Semua puisi yang beringuh romantis ini ditulis di tahun 2000. Tentu ini prestasi tersendiri. Namun, amat sayang pula kita mesti mencari tahu sistem yang lecentia poetica Arsyad dalam penulisan tanda hubung pengulang yang ditanggalkan begitu saja seperti, mazmurmazmur, akarakaran, gordengorden, gurungurunmu, riakdemiriak, masasilamku, burungburung, awanawan, rindudendam, bayangbayang, bintangbintangMu, karangkarang, langitlangitmu, hentihenti, halamandemihalaman, acuhtakacuh, dan lain-lain.
Hampir setiap judul puisi berisi sistem penulisan itu, padahal itu sebuah sistem yang tidak lazim. Tentu ketaklaziman ini sebuah refleksi licentia poetica yang hanya diketahui penyairnya.
Pertanyaan kita, mestikah konstruksi ini diciptakan seperti itu tanpa historisitas meaning. Tentu jawaban yang diharapkan bukan sekadar berlindung dalam legitimasi kebebasan penyair, tapi lebih dimungkinkan ada efek semiotik yang ingin disuntikan dari konstruksi itu. Bertebarannya konstruksi ini agak menggangu kenikmatan.
Meski demikian, kita perlu salut untuk ketiga penyair "Tiga Kutub Senja" atas kerja keras mereka membangun komunitas. Biarlah, komunitas ini lahir, hidup, besar dan mati sendiri di tempat ini, meski orang-orang sana memang tidak peduli untuk kelahiran kita.

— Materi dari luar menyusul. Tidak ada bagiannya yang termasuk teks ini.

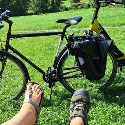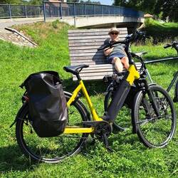 Veel stijgen en dalen, viel nog niet mee. Vooral Michael had het zwaar. Conclusie verkeerde fiets qua versnellingen. Ongeveer totaal 20 km gefietst.

Jarkasi, pengamat seni dan budaya di Banjarmasin
Dimuat di http://www2.kompas.com

Jarkasi
Dilahirkan di Kertak Hanyar, 30 Mei 1960. Sarjana FKIP Unlam Banjarmasin, sekaligus dosen pada almamater tersebut. Mulai menulis puisi, cerpen, serta esai-esai sastra dan budaya sejak tahun 80-an. Publikasi tulisan antara lain : di SKH Banjarmasin Post, Dinamika Berita, Radar Banjarmasin, Tabloid Wanyi dan Jendela Serawak (Malaysia). Buku-buku yang sudah diterbitkannya adalah Kajian Prosa Fiksi dan Drama (1999), Karakter Tokoh-tokoh Idaman Cerpen Banjar Modern (1999), Struktur Sastra Lisan Lamut (2000), Sketsa Penyair Kalimantan Selatan (2001), Mamanda : dari Realitas Tradisional ke Kesenian Populer, dan Madihin : Hakikat, Fungsi dan Formula. Buku yang siap untuk diterbitkan berikutnya adalah, Geliat Seni Pertunjukan di Banjarmasin dan Lamut : sebuah Kajian Internal dan Eksternal.